A divided U.N. Security Council met behind closed doors on Monday for its first discussion of last week’s Palestinian application for full U.N. membership as a state, a move seen as certain to fail.
The meeting kicked off a process expected to take several weeks at least. It broke up after an hour with Lebanese Ambassador Nawaf Salam, saying the 15-nation body would hold a formal meeting on Wednesday to refer the matter to its admissions committee.
“The process has started, and we hope that the Security Council will shoulder its responsibility and address this application with a positive attitude,” Palestinian U.N. representative Riyad Mansour told reporters.
“This is an exercise in which there will be tremendous pressure by a certain number of countries on members of the Security Council, but we trust that we have many friends in the council.”
International powers also stepped up demands for Israelis and Palestinians to end the one-year old freeze on direct talks, with China and Germany becoming the latest at the U.N. summit to call for negotiations.
The Palestinian bid at the Security Council faces an uphill struggle however and diplomats held out little hope that Palestinian president Mahmoud Abbas or Israel’ Prime Minister Benjamin Netanyahu would allow talks any time soon.
Abbas made his application for Palestinian membership to U.N. leader Ban Ki-moon on Friday and it was sent straight away to the Security Council which must approve any addition to the 193 members.
Israel’s ally the United States has vowed to use its veto to reject the application but if the Palestinians can muster nine votes in favor -- the number needed to pass a resolution absent a veto -- they would score a moral victory.
If they fail to do so, Washington would avoid the need to veto the application, which would bring diplomatic embarrassment.
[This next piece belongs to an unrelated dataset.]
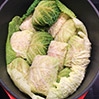 - Wyciąć głąb ze środka kapusty, następnie włożyć ją do dużego garnka z wrzątkiem (wyciętą stroną do dołu), gotować przez około 10 minut na małym ogniu. Przewrócić kapustę na drugą stronę i gotować przez ok. 5 minut. Wyjąć kapustę z wrzątku i po przestudzeniu rozebrać ją z liści, odciąć delikatnie zgrubienia z każdego liścia, następnie nakładać przygotowane porcje mięsa.
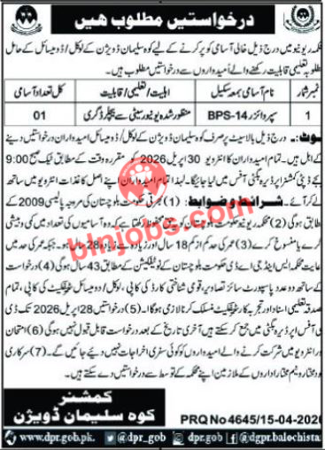 Revenue Department Koh e Sulaiman Division Jobs 2026 has recently announced job vacancies for Balochistan 2026 in the local newspaper. This is an opportunity for candidates of Balochistan Local Domicile who are seeking employment in the province. The department is inviting applications from the candidates of Balochistan for the following Balochistan jobs 2026. If you meet the eligibility criteria and possess the required skills, this is your chance to apply and get these jobs in Balochistan.

However a technical committee will examine the application putting back any vote for several weeks.
The United States and Israel, which have insisted that only direct negotiations can produce an accord, are lobbying furiously for the council members to oppose or abstain in the resolution.
U.S. Secretary of State Hillary Clinton raised the Palestinian bid with Lebanon’ Prime Minister Nijab Mikati at the U.N. headquarters before the meeting, U.S. officials said. Lebanon holds the council presidency in September and has backed the Palestinian bid.
Only six countries on the council appear certain to vote for Palestinian membership. The four European Union countries are expected to either abstain or vote against, while Bosnia, Colombia, Gabon and Nigeria have made no definitive statements and have been courted by both Israel and the Palestinians.
Mansour said Palestinian delegations were expected to visit Bosnia, Gabon and Nigeria in the near future, but he acknowledged that “we are not the only players in this game.”
“This is an exercise in which there will be tremendous pressure on members of the Security Council, but we trust in our friends,” Mansour said.
Despite the U.S. opposition, Mansour called on the Security Council to “synchronize itself with history” and approve Palestinian membership.
U.S. President Barack Obama told Abbas publicly and privately last week that there could be no Palestinian state without an accord with the Israelis reached through direct talks.
The diplomatic Quartet on the Middle East –the United States, Russia, European Union and United Nations –has launched a new bid to resume talks, setting a target of an accord by the end of 2012.
Germany’ Foreign Minister Guido Westerwelle gave strong support to the Quartet initiative in his speech to the U.N. General Assembly.
“Two states existing peacefully side by side are possible. However, this can only be achieved through negotiations,” he said.
“The confrontation of words here in New York must not be allowed to lead to an escalation in violence in the Middle East,” he added, calling for “direct negotiations without delay!”
China’ Foreign Minister also added to the long list of international calls for new talks in his speech to the U.N. assembly.
The Quartet has called for talks to start within a month, proposals from both sides in three months, major progress in six months and a final deal by the end of 2012.
Abbas, riding a wave of popular support in the occupied territories, says he is ready for talks but first there must be a “complete halt” to Israeli settlement building in the occupied territories.
Israel’ Netanyahu has said he wants talks without conditions and is refusing to halt the new settlements.
If the Security Council bid fails, the Palestinians are expected to go to the U.N. General Assembly to seek observer state membership of the U.N.. They would almost certainly get a majority in favor.